When the startup window shows up, select "Enable memory debugging".
MPMD
The script below defines how to run an MPI-OpenMP with totalview (eg: coupled LMDZ + Orchidee) program:
#!/bin/bash #MSUB -r mictgrm_test # Request name #MSUB -n 64 # Number of tasks to use #MSUB -c 2 # Number of tasks to use #MSUB -T 4000 # Elapsed time limit in seconds #MSUB -o orchid_%I.o # Standard output. %I is the job id #MSUB -e orchid_%I.e # Error output. %I is the job id #MSUB -Q normal #MSUB -D #MSUB -X #MSUB -A gen6328 #MSUB -q standard set -x module unload netcdf hdf5 module load netcdf/4.3.3.1_hdf5_parallel module load hdf5/1.8.9_parallel module load totalview #module load ddt #unset SLURM_SPANK_AUKS # enable core dump file in case of error ulimit -c unlimited export KMP_STACKSIZE=3g export KMP_LIBRARY=turnaround export MKL_SERIAL=YES OMP_NUM_THREADS=2 cat << END > pp.conf 4 ./xios.x 60 totalview ./lmdz.x END mpirun -tv -n 4 ./xios.x : -n 60 ./lmdz.x
In this specific case, coupled lmdz + Orchidee runs 60 MPI procs and 4 XIOS procs with 2 OpenMP threads. In total, it requires 128 procs.
When the startup window shows up, select "Enable memory debugging".
Notes
Totalview is not able to debug when the binary is compiled with -p flag (only for profiling purposes). For that reason, it needs to be removed from the compilation.

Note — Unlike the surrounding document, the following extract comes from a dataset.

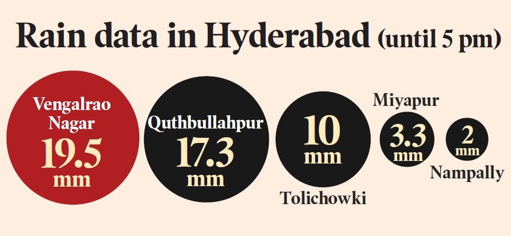 The water levels in various water bodies have increased as a result of the heavy downpour that occurred tuesday evening, according to meteorological specialists. On wednesday morning, the situation marginally improved as the rain became lighter, although the rains continued until the evening with less intensity. Low-lying region residents have been urged to exercise caution and stay attentive. people have been asked by the telangana State Development Planning Society to stay inside during periods of heavy rain and to monitor weather updates.

If you compile orchidee with the makeorchidee_fcm tool, make sure to remove it from arch.fcm file:
arch.fcm:
%DEBUG_FFLAGS -fpe0 -p -O0 -g -traceback -fp-stack-check -ftrapuv -check bounds -check all
to
%DEBUG_FFLAGS -fpe0 -O0 -g -traceback -fp-stack-check -ftrapuv -check bounds -check all
Make sure this module is not loaded when compiling the source code AND running the executable. Unload by
module unload gnu/4.8.1